Find the value of $$\begin{vmatrix} \cos a & \sin a & \cos a & \sin a \\ \cos 2a & \sin 2a & 2\cos 2a & 2\sin 2a \\ \cos 3a & \sin 3a & 3\cos 3a & 3 \sin 3a \\ \cos 4a & \sin 4a & 4\cos 4a & 4 \sin 4a \end{vmatrix}$$
I tried to add/substract some columns and rows in order to get some $0$-s and maybe get to a $3 \times 3$ determinant, but it didn't work. I also thought about using $\sin 2a, \sin 3a, \sin 4a$ formulas, but it gets too complicated. I think that this isn't so difficult and I don't see something easy.

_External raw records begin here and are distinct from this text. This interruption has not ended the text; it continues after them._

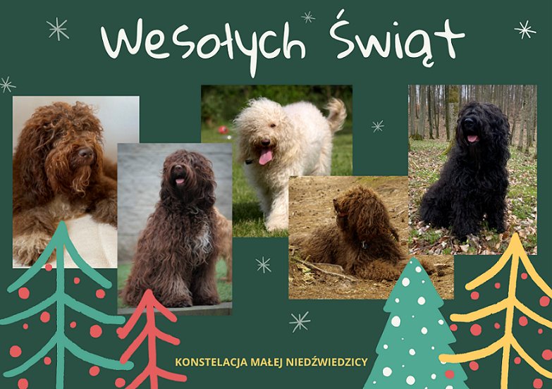 Kończący się rok nastraja nas do wspomnień i różnych przemyśleń. Bogactwo wydarzeń tych pięknych jak i też trudnych chwil pozostanie w naszych myślach na długo. Nasza Bajka ABAYA z Barbeciarskiej Chaty w mijającym roku ukończyła 12 lat, jej dzieci - miot F to już ośmiolatki. Kilku z nich w tym roku zostało ojcami wspaniałych szczeniąt. Jesteśmy bardzo dumni ze szczeniąt narodzonych w Danii w hodowli Good Spirit Barbets, których rodzicami są Hans FIGARO Konstelacja Małej Niedźwiedzicy i Nora NOOR ZHIVA von der Leibrucke (są to wnuki ULYSSE di Barbochos Reiau de Prouvenco i prawnuki jego brata URSUSa). Pełni optymizmu czekamy na kolejne potomstwo Hansa i FAIR Poppenspaler’s Nobles, które narodzi się w połowie stycznia w Holandii w hodowli Barboucles sur Meuse. Kolejną radość sprawił nam Bono FALKOR KMN - wraz z Emmą Nuphar’s Note To Self zostali rodzicami szczeniąt narodzonych w Austrii w hodowli du Quartier des Bois. I trzeci z braci Bruno FAZI KMN w tym roku został ojcem dwóch miotów narodzonych w Polsce w hodowli Paka Kudłaka i Beskidiana. Kolejne barbetowe piękności podziwialiśmy w hodowli Sabio Perro gdzie MERCEDES KMN została matka miotu C i MORIS KMN jest ojcem miotu D. Zachwycaliśmy się narodzinami szczeniąt w Szwecji w hodowli Helec’s, gdzie rodzicami są MORIS KMN i Irisens Assi Prinsess of Daim. Cieszą nas szczególnie wnuki Bajki, wnuki jej córki Fridy, jak też wnuki Hansa; trudno tu nie wspomnieć o pięknych szczeniakach narodzonych w Niemczech w hodowli Wookiebev gdzie ojcem został syn Hansa Luis VOLCANO OPTYMIST Sabio Perro.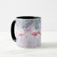 Color de agua rosada de la familia tropical Cute Flamingos. Un elegante flamenco rojo pintado. El flamingo está parado en el agua con un magnífico plumaje rojo. El fondo está decorado con bonitas acuarelas. Puede cambiar el color del texto y el estilo de letra utilizando la opción personalizar it más adelante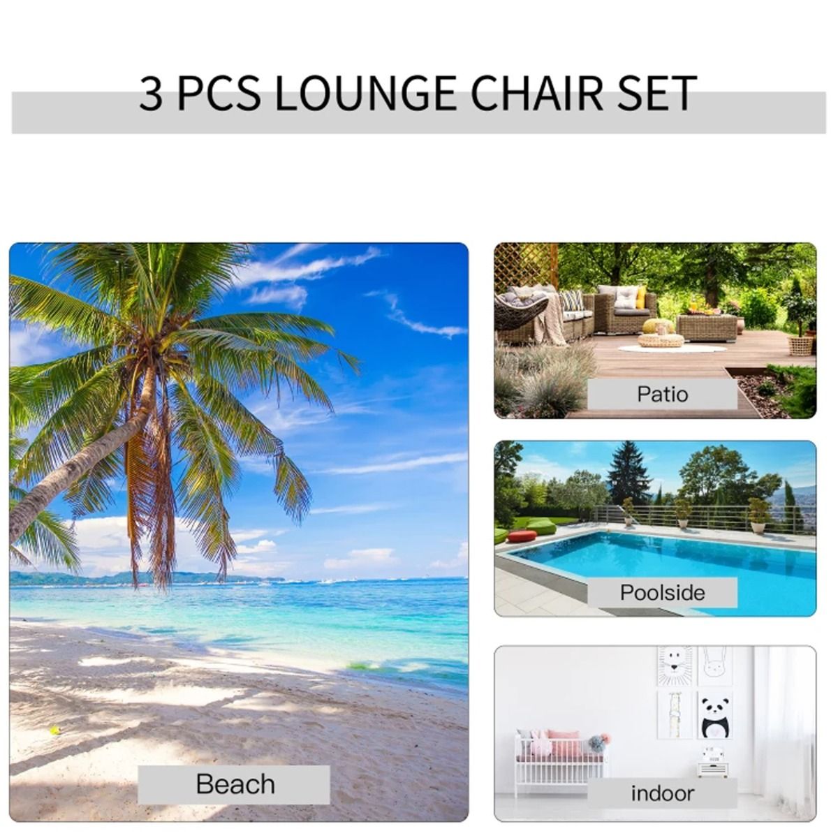 - Set includes two lounger chairs and table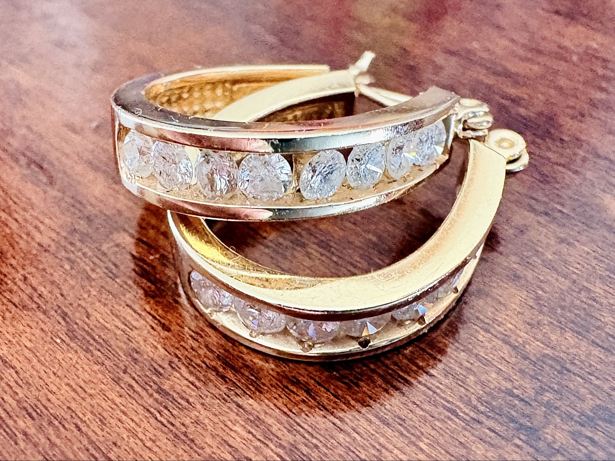 A matching pair of small-to-medium sized hoop earrings, approximately 20-25mm in diameter, featuring a channel-set row of round brilliant-cut colorless stones. The stones exhibit high luster but visible internal fractures and surface abrasions, suggesting they are likely cubic zirconia or glass rather than diamonds. The earrings are constructed from a yellow gold-tone metal, which shows visible wear, flaking, and oxidation on the interior surfaces, indicating a plated finish rather than solid gold. The design features a thicker, tapering profile with a squared-off front face that holds the stones securely between two parallel metal rails. The closure mechanism is a hinged 'huggie' or saddle-back style with a curved post that snaps into a notched catch. Notable condition issues include significant tarnishing and loss of plating on the inner band, as well as accumulated grime behind the stones, which dulls their brilliance. No discernible maker's marks or hallmarks are visible in the provided image. The style is contemporary and mass-produced, likely dating from the late 20th to early 21st century.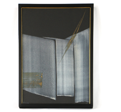 和紙に、墨・金箔・銀箔・金泥・銀泥・朱泥といった日本画の画材を用い、独特の筆使いと、動きのある斜めの線を描いた。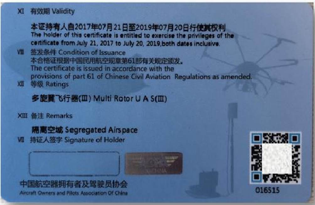 我校学员经理论和实践考试合格后,可以获得三个证书,分别是由中国民用航空局颁发的民航局“无人机驾驶员云执照”,由中国航空器拥有者及驾驶员协会(AOPA)颁发的“AOPA无人机驾驶员合格证”,和由欧美无码 颁发的欧美无码 无人机测绘结业证书。其中民航无人机驾驶员执照和AOPA无人机驾驶员合格证等级高,含金量大,“一考双证”是我们睿飞无人机培训学校的巨大优势。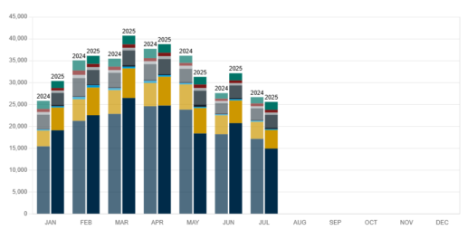 To see the July 2025 wholesale shipment report broken down by RV category, click here.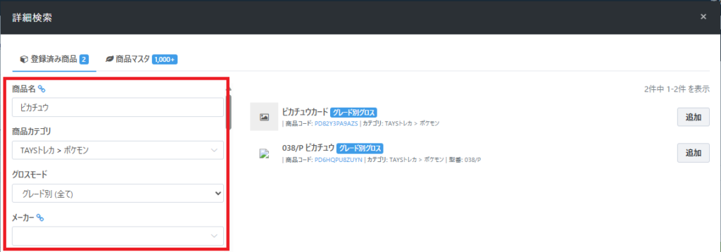 ・詳細検索から買取商品の新規作成をする場合、検索条件を引き継いだカタログ作成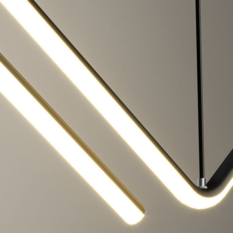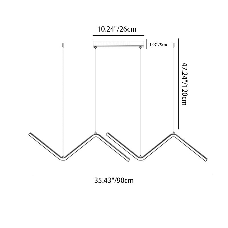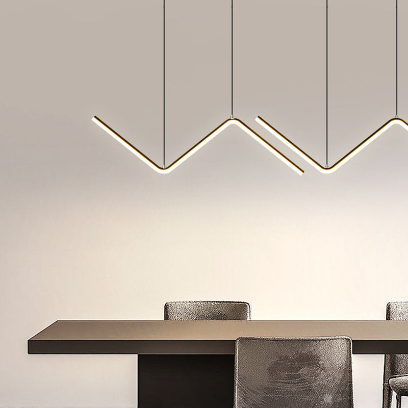 Contemporary Scandinavian Long Bent Line Iron Aluminum Acrylic LED Island Pendant Light For Dining Room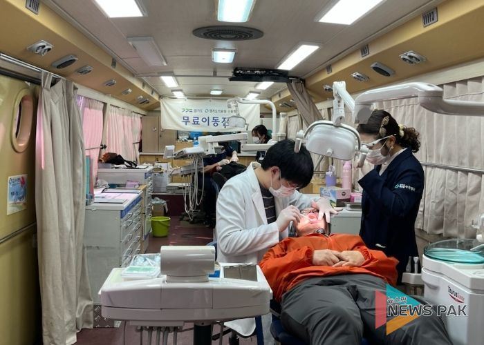 무료 이동진료는 사전 신청을 통해 접수된 장애인 50명을 대상으로 치과와 한의과 진료 서비스를 제공했으며 대형 치과 진료버스가 직접 현장을 찾아와 진행됐다.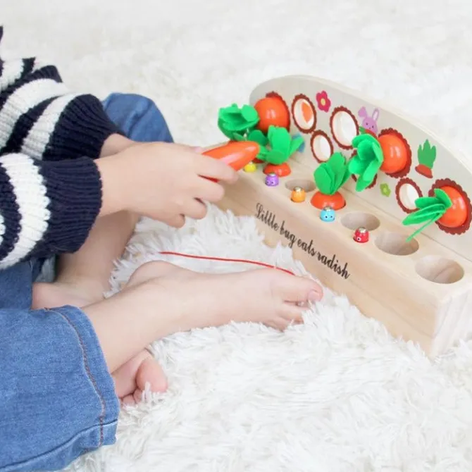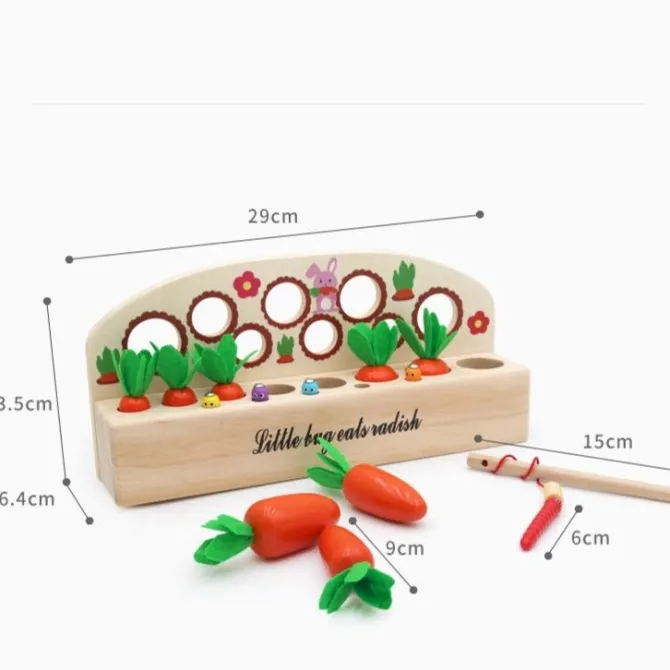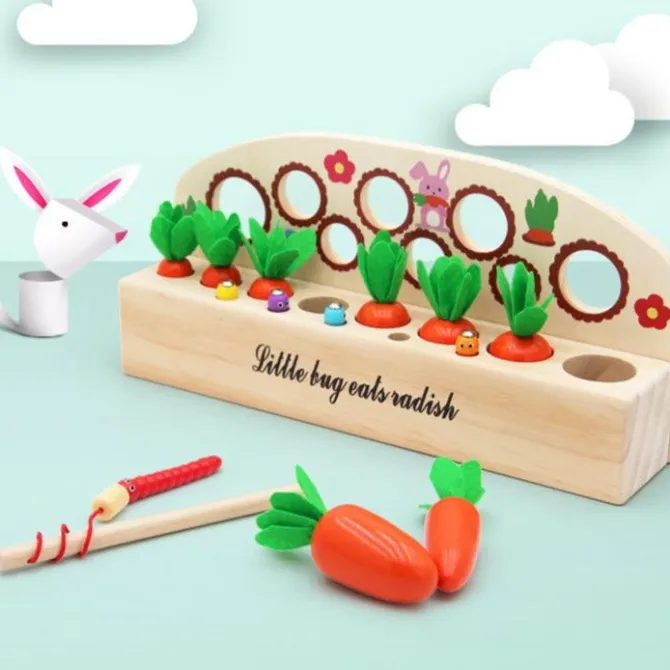 This super cute game features 8 carrots which fit into 8 corresponding sockets and holes, along with 5 worms and a magnetic fishing rod.
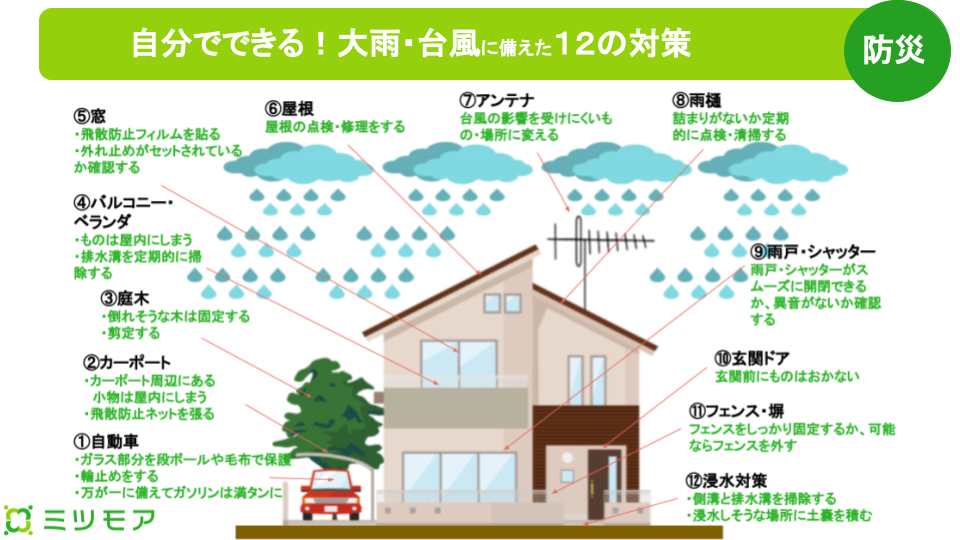 台風・大雨前の対策。家の暴風・洪水対策は余裕をもって準備しようmoshimo ストック。

After a few column operations you get to $$-\frac14\begin{vmatrix} e^{ia}&e^{-ia}&e^{ia}&e^{-ia}\\ e^{2ia}&e^{-2ia}&2e^{2ia}&2e^{-2ia}\\ e^{3ia}&e^{-3ia}&3e^{3ia}&3e^{-3ia}\\ e^{4ia}&e^{-4ia}&4e^{4ia}&4e^{-4ia}\\ \end{vmatrix} =-\frac14\begin{vmatrix} 1&1&1&1\\ e^{ia}&e^{-ia}&2e^{ia}&2e^{-ia}\\ e^{2ia}&e^{-2ia}&3e^{2ia}&3e^{-2ia}\\ e^{3ia}&e^{-3ia}&4e^{3ia}&4e^{-3ia}\\ \end{vmatrix} =-\frac14\begin{vmatrix} 1&1&0&0\\ e^{ia}&e^{-ia}&e^{ia}&e^{-ia}\\ e^{2ia}&e^{-2ia}&2e^{2ia}&2e^{-2ia}\\ e^{3ia}&e^{-3ia}&3e^{3ia}&3e^{-3ia}\\ \end{vmatrix} =-\frac14\begin{vmatrix} 1&1&0&0\\ e^{ia}&e^{-ia}&1&1\\ e^{2ia}&e^{-2ia}&2e^{ia}&2e^{-ia}\\ e^{3ia}&e^{-3ia}&3e^{2ia}&3e^{-2ia}\\ \end{vmatrix}.$$ This last sort of determinant is a variant of the Vandermonde determinant $$\begin{vmatrix} 1&1&0&0\\ t&u&1&1\\ t^2&u^2&2t&2u\\ t^3&u^3&3t^2&3u^2\\ \end{vmatrix}=-(t-u)^4$$ etc.